9) Foreign Currency Transaction:
Monetary assets and liabilities related to foreign currency transactions remaining unsettled at the end of the year are translated at year end rates.
The difference in translation of monetary assets and liabilities and realized gains and losses on foreign transactions are recognized in the Statement of Profit and Loss.
The premium or discount on forward exchange contracts is recognized in the statement of profit and loss over the period of the contract.
10) Accounting for Government Grants/Refunds:
Government grants/subsidies and refunds due from Government Authorities are accounted when there is reasonable certainty of their realization.
11) Taxation
Tax expenses comprise current tax (amount of tax for the period determined in accordance with the Income Tax Regulations in India) and deferred tax charge or credit (reflecting the tax effects of timing differences between accounting income and taxable income for the period).

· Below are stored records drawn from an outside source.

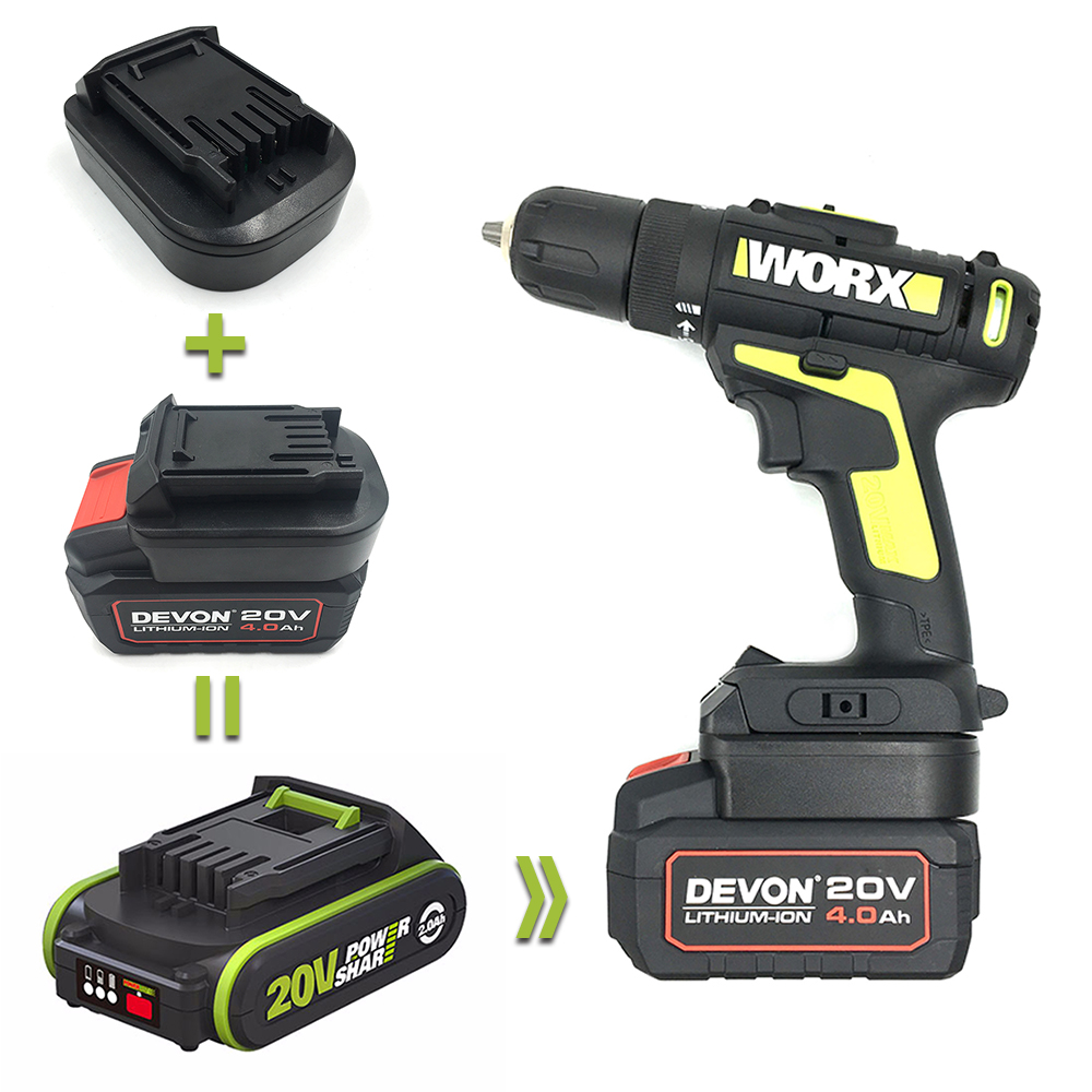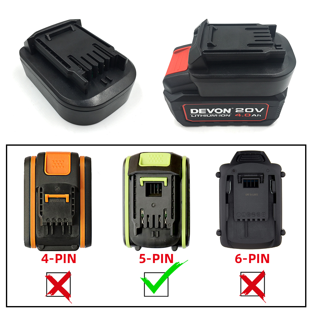 This adapter can convert Milwaukee 18V M18 RED slider lithium-ion battery to Worx 20V 5-pin lithium-ion battery.
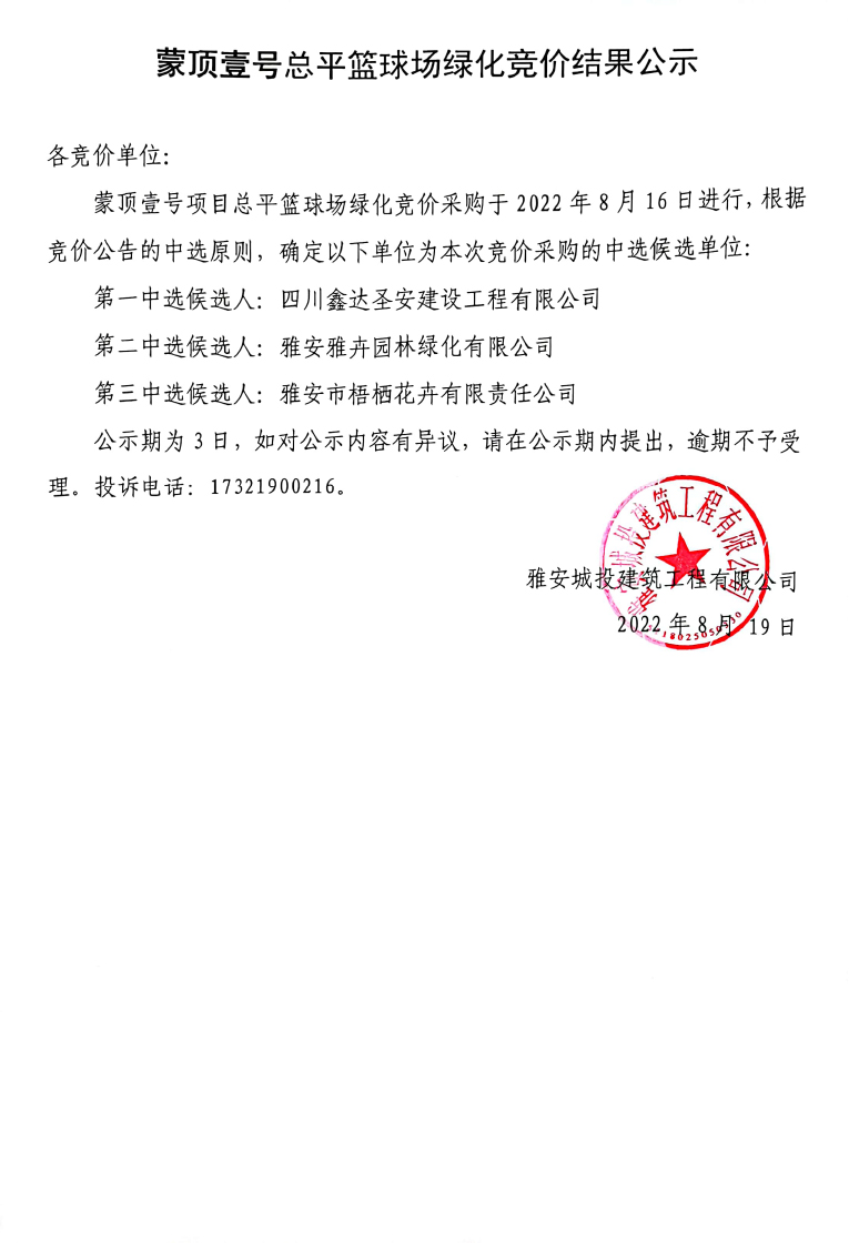 蒙頂壹號項目總平籃球場綠化競價結(jié)果公示
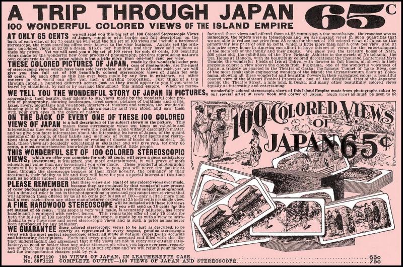 The resulting"mixed series" that utilized at least a few T. ENAMI views included several sets issuedby Underwood & Underwood, C.H. Graves' Universal Photo Art Co., Lynn Skeels' Stereo-Travel Co.,and a good percent of the Japan view published by George Rose of Australia. All of these 3-D publications werein addition to the "pure" Enami series mentioned in No.'s (23), (24), and (25) above ;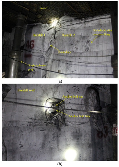 Gob-side entry condition during next panel retreating: (a) backfill wall side condition; (b) roof condition.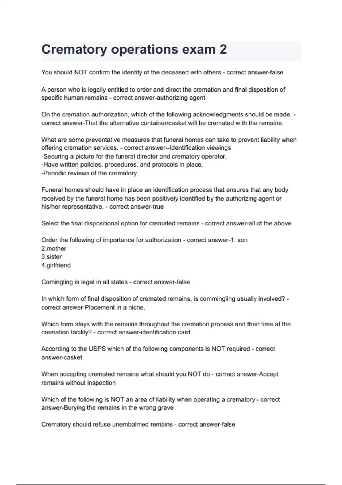 Crematory operations exam 2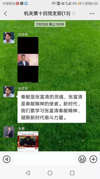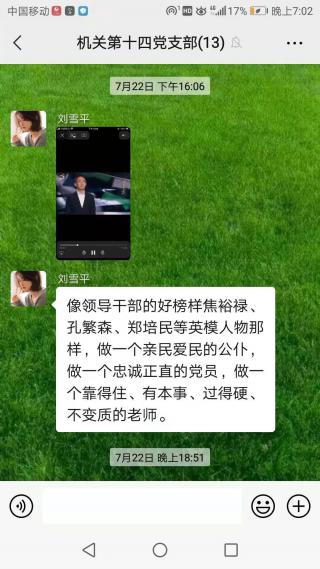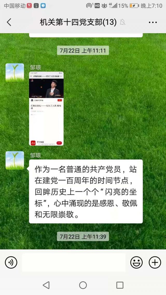 大家观看后通过微信方式进行了积极的讨论。支部书记周辉艳表示,英雄的故事荡气回肠,英雄的精神永放光芒。焦裕禄等革命英雄的一生是光荣伟大的一生,他们为了人民甘愿牺牲一切,他们是榜样是力量,是我们的人生坐标。我们要将有限的人生投入到无限的祖国发展建设之中,只争朝夕,不负韶华,以文化人,立德树人,努力为中华民族的伟大复兴贡献我们应有的力量。组织委员邹琼表示,作为一名普通的共产党员,站在建党一百周年的时间节点,回眸历史上一个个“闪亮的坐标”,心中涌现的是感恩、敬佩和无限崇敬之情。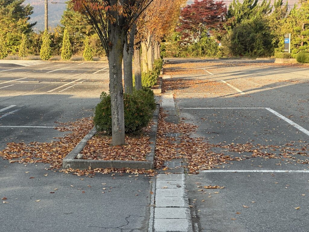 山形県長井市にある山形本社工場にはたくさんの植栽や樹木があり、四季折々の風景を楽しめます。本日11月7日は立冬、樹木たちも紅葉を過ぎて早くも落葉が進んでいます。毎年、社員の有志の方々が朝の始業前に落ち葉の自主清掃をして下さっています。おかげで駐車場やお客様玄関、社員玄関もきれいで気持ちの良い環境になっています。感謝です!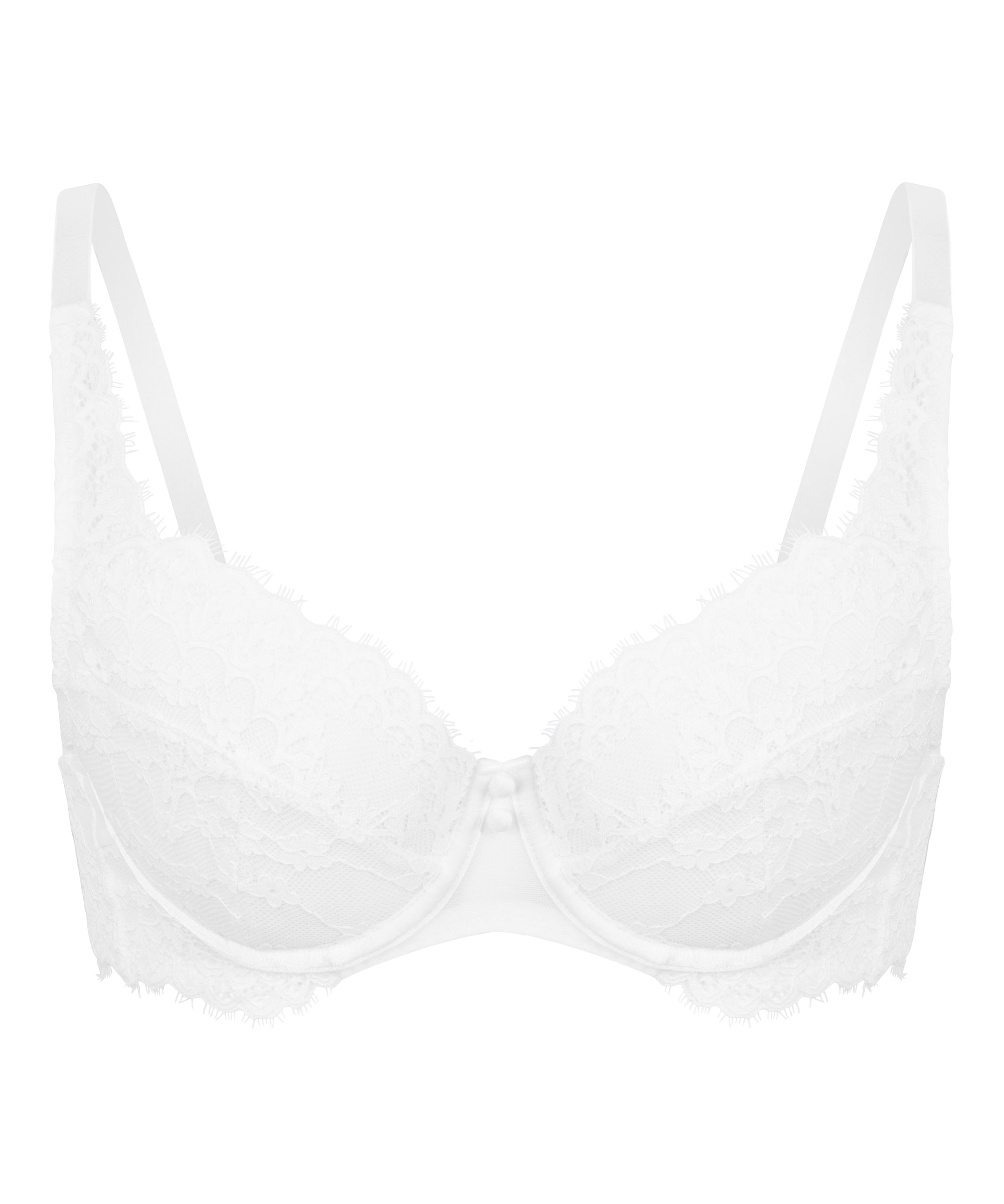 Se praktfull ut i denne BH-en! Den er halvt gjennomsiktig, uten polstring og er laget med masse blonder. Kombiner med matchende artikler og du har et komplett sett!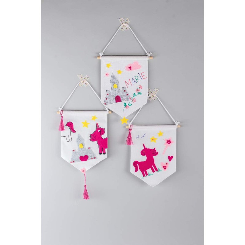 - Contents: 8 white fabric pennants, fabric colouring pens in yellow, red, blue, green, brown, black, 8 sheets of self-adhesive felt in pink, pink, grey, yellow, blue, black, motif templates, decorative material, instructions (English language not guaranteed)
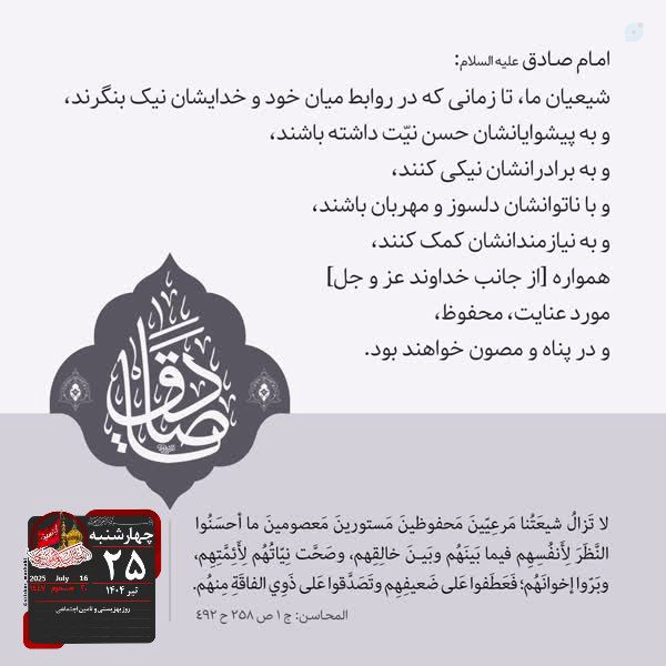 ... لِأَنفُسِهِم فيما بَينَهُم وبَينَ خالِقِهم، وصَحَّت نِيّاتُهُم لِأَئِمَّتِهِم، وبَرّوا إخوانَهُم؛ فَعَطَفوا عَلى ضَعيفِهِم وتَصَدَّقوا عَلى ذَوِي الفاقَةِ مِنهُم.شيعيان ما، تا زمانى كه در روابط ميان خود و خدايشان نيك بنگرند، و به پيشوايانشان حسن نيّت داشته باشند، و به برادرانشان نيكى كنند، ...

The deferred tax charge or credit and the corresponding deferred tax liabilities or assets are recognised using the tax rates that have been enacted or substantively enacted by the Balance Sheet date, Deferred tax assets are recognised only to the extent there is reasonable certainty that the assets can be realized in future; however, when there is unabsorbed depreciation or carry forward losses under taxation laws, deferred tax assets are recognised only if there is a virtual certainty of realization of such assets. Deferred tax assets are reviewed at each Balance Sheet date and written down or written up to reflect the amount that is reasonably / virtually certain, as the case may be, to be realized
Tax credit is recognised in respect of Minimum Alternate Tax (MAT) as per the provisions of Section 115JAA of the Income Tax Act, 1961 based on convincing evidence that the Company
will pay normal income tax within the statutory time frame and is reviewed at each Balance Sheet date.
Company has policy of not considering MAT tax credit available to them under the Income Tax Act.
12) Borrowing Cost:
Borrowing Costs relating to the acquisition/ construction of qualifying assets are capitalized until the time all substantial activities necessary to prepare the qualifying assets for their intended use are complete. A qualifying asset is one that necessarily takes substantial period of time to get ready for its intended use. All other borrowing costs are charge to revenue.
13) Earning Per Share:
Basic earning per share is calculated by dividing the net profit or loss after tax for the year attributable to Equity Shareholders of the Company by the weighted average number of Equity Shares outstanding during the year.
Diluted earning per Share is calculated by dividing net profit or loss attributable to equity Shareholders by the weighted average number of equity shares outstanding during the year with adjustment of all dilutive potential equity shares.